The menace of militancy has affected the society. Since 1989, deaths are a regular daily occurence. The sole bread earners for the family have become the victims of militancy. The educational institutions have also suffered and have become dysfunctional. Mass migrations of families from Doda and Udhampur districts to nearby towns are common, as people search for work and look after the safety of their children. There have even been mass migration from the Kashmir Valley to different parts of Jammu.

These families have settled in temporary sheds, which in turn have become huge camps. The
condition of the people in these camps is deplorable. The transition from the open spaces of the villages to the dense clusters on the outskirts of the towns and cities has created stress on the population in general, and on women in particular. There have been instances of selective abortions, sexual harassment and domestic violence against women. Hygiene in the camps is insufficient. A study conducted by the Medical Council of India found a number of gynaecological disorders among women, such as early puberty and early menopause.

How does SOS Children’s Villages help?

SOS Children’s Villages of India is helping mothers with their children’s education through family strengthening programmes. In 1995, SOS Children’s Village Jammu opened eight multi-purpose activity centres and provided training to women in tailoring, handicrafts, typing and shorthand, which enabled them to earn a living.

We opened two centres in Udhampur (70 km from Jammu), which train women in cutting and tailoring and typing and shorthand. Similar centres opened in Nagrota (about 12 km from Jammu) supporting a number of remote villages in Muthi and Mishriwala. These centres offered courses in cutting, tailoring, embroidery and typing and shorthand. Trainees were made instructors to train even more women. An average of 90 women receive training each year. For the last eleven years, these multi-purpose activity centres have produced more than 1000 trained women who are earning their livelihood and carrying on their lives with dignity. These centres operate for four-to-five hours per day so that mothers can look after their families.

Women in India

Who benefits from these programme?

Widowed and divorced women benefit under this programme. In instances where the family lives below the poverty line, the main objective of the programme is to help these women with their children’s education.

What are the most important things women have to learn to lead a successful life in the present society?

Women have to become confident and independent to face the challenges in life. At times they may be less educated but the hidden talent in them can create wonders. Better education will always be a source of strength for them. She must always realize her own potential. She should have an inner feeling of equal status in the family as well as the society.

What possible impact does the programme and its various activities have on the lives of the children?
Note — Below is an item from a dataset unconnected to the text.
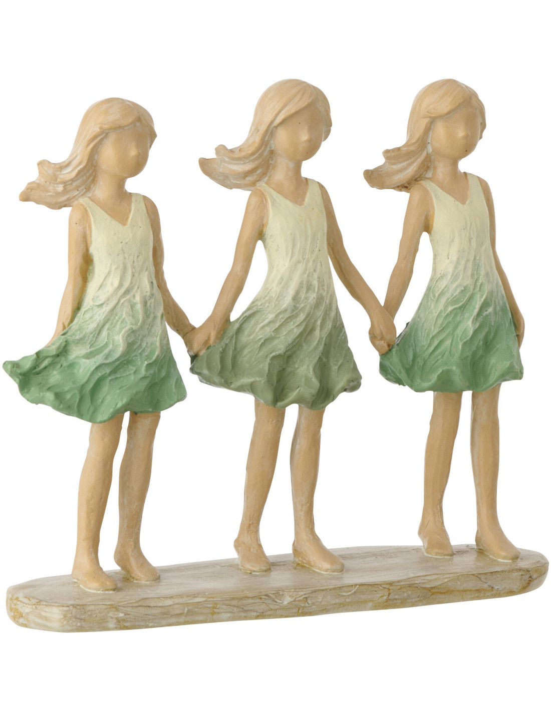 Statuette déco Soeurs H 16 cm Résine Vert Beige Printania

SOS Children's Villages has become a trusted place for these families. Children and mothers express their difficulties to the SOS co-workers, who provide them with a platform to utilise their hidden talents. The focus is on training women in cutting, tailoring and embroidery at the multi-purpose activity centres. Mothers work from their residences and earn their livelihoods in a comfortable setting. The children receive and education and mothers spend their money on school fees, books and stationery. The absence of the male figure from the family is no longer a handicap. The interaction between SOS Children's Villages and these families increases every day. The periodic medical checkups of these families has gone a long way in preventing common diseases among these women and children.